A significant problem that exists in the tape heads following the head lapping process is that the directional nature of the lapping process can cause surface portions of the metal magnetic shield layers 40 and 56 to smear across the insulation layers 44 and/or 52 to create an electrical short between the magnetic shields 40 and/or 56 and the sensor element 48. Particularly, as is seen in FIG. 3, metalization smears 70 from the S1 shield 40 towards the sensor element 48 may be created where the relative motion of the head 10 to the lapping surface (not shown) is to the left (arrow 74), and metalization smears 76 may be created from the S2 shield 56 towards the read element 48 where the relative motion of the head 10 to the lapping surface (not shown) is to the right (arrow 78). The existence of the smears 70 and 76 created during the head lapping process is well known to those skilled in the art, and a polishing process using a polishing medium such as diamond tape is typically next undertaken following the lapping process to attempt to remove the smears, as well as to provide a final finished surface to the tape head. FIGS. 4 and 5 depict prior art tape lapping process steps, and FIGS. 6-9 depict the improved tape polishing method of the present invention, as are all next described.

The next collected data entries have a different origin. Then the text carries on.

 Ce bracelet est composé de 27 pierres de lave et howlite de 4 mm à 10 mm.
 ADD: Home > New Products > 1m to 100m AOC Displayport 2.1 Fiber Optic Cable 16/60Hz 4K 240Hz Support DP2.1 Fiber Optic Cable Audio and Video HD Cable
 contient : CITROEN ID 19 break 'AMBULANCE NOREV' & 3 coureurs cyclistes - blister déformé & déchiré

FIG. 4 is a top plan view depicting a first prior art tape polishing step for the tape head 10 depicted in FIGS. 1-3. As depicted in FIG. 4, a portion of a diamond polishing tape 80 is disposed above the lapped head 10, such that the diamond polishing surface of the tape 80 makes contact with the surface of the head 10. In the prior art polishing method depicted in FIG. 4, the polishing tape 80 is moved laterally relative to the head 10; that is, the head is held stationary while the tape is moved laterally (arrow 84). While the prior art polishing method depicted in FIG. 4 is generally effective in polishing the surface of the head 10, the metal smears from the shields are not always effectively removed, and electrical shorts often still occur, such that a significant number of heads with electrical shorting problems exist. Furthermore, it is believed that smears may even be created or exacerbated in the FIG. 4 polishing method, as the polishing tape may cause further lateral movement of metal smear material.

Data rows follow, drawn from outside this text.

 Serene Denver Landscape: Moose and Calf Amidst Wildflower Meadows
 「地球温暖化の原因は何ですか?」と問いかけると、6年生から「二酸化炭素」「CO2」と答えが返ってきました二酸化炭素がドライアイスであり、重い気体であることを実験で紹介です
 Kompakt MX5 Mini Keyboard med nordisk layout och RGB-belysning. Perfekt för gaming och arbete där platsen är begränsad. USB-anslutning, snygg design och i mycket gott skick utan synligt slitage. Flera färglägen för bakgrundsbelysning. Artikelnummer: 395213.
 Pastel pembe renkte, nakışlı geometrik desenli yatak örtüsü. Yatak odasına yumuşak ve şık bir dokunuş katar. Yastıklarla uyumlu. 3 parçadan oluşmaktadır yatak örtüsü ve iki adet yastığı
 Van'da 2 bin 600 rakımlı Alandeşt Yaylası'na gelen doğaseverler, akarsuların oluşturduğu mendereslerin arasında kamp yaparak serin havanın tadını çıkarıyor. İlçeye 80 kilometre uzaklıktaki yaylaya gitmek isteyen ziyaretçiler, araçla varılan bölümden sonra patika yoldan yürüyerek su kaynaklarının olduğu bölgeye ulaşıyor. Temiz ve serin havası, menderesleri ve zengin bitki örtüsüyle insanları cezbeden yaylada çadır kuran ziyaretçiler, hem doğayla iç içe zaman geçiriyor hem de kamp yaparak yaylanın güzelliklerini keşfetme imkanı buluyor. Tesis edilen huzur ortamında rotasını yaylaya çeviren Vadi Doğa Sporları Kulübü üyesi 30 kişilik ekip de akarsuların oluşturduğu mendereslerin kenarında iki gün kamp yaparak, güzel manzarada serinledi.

FIG. 5 depicts an improved prior art tape polishing method in which the tape head 10 is moved orthogonally (see arrow 94) to a tape longitudinal axis centerline 96 which corresponds to the lateral polishing tape direction, see arrow 84. An improvement in the removal of the metal smears is achieved with this prior art tape polishing method depicted in FIG. 5, in that the vertical motion 94 of the tape head acts to remove the metal smears by a polishing action in the direction 94 that is orthogonal to the general lateral direction of the smears. Thus, the orthogonal polishing depicted in FIG. 5 tends to remove smeared metalization without tending to extend the smeared metalization across the insulation layers that separate the shields from the MR elements. However, it has been determined that the tape polishing method depicted in FIG. 5 is less than optimum, in that when the orthogonal motion 94 of the tape head is at the extreme upper or lower displacement, the orthogonal velocity of the head 10 is zero, while the polishing tape is simultaneously moving in a lateral direction 84, and at this point, the tape polishing method is similar to that depicted in FIG. 4. That is, the tape head is stationary and the polishing tape is moving laterally, which results in some smearing of the shield metal towards the read sensor element 48. As is next described with the aid of FIGS. 6-9, rather than having a prior art continuous tape motion, the tape polishing method of the present invention synchronizes the tape motion with the tape head motion, such that the polishing tape velocity is essentially zero at the point when the tape head orthogonal velocity is approximately zero (at its extreme displacement), whereby smearing during the tape polishing process is substantially eliminated, and the removal of smeared metalization from the lapping process is improved, such that an improved tape head is created.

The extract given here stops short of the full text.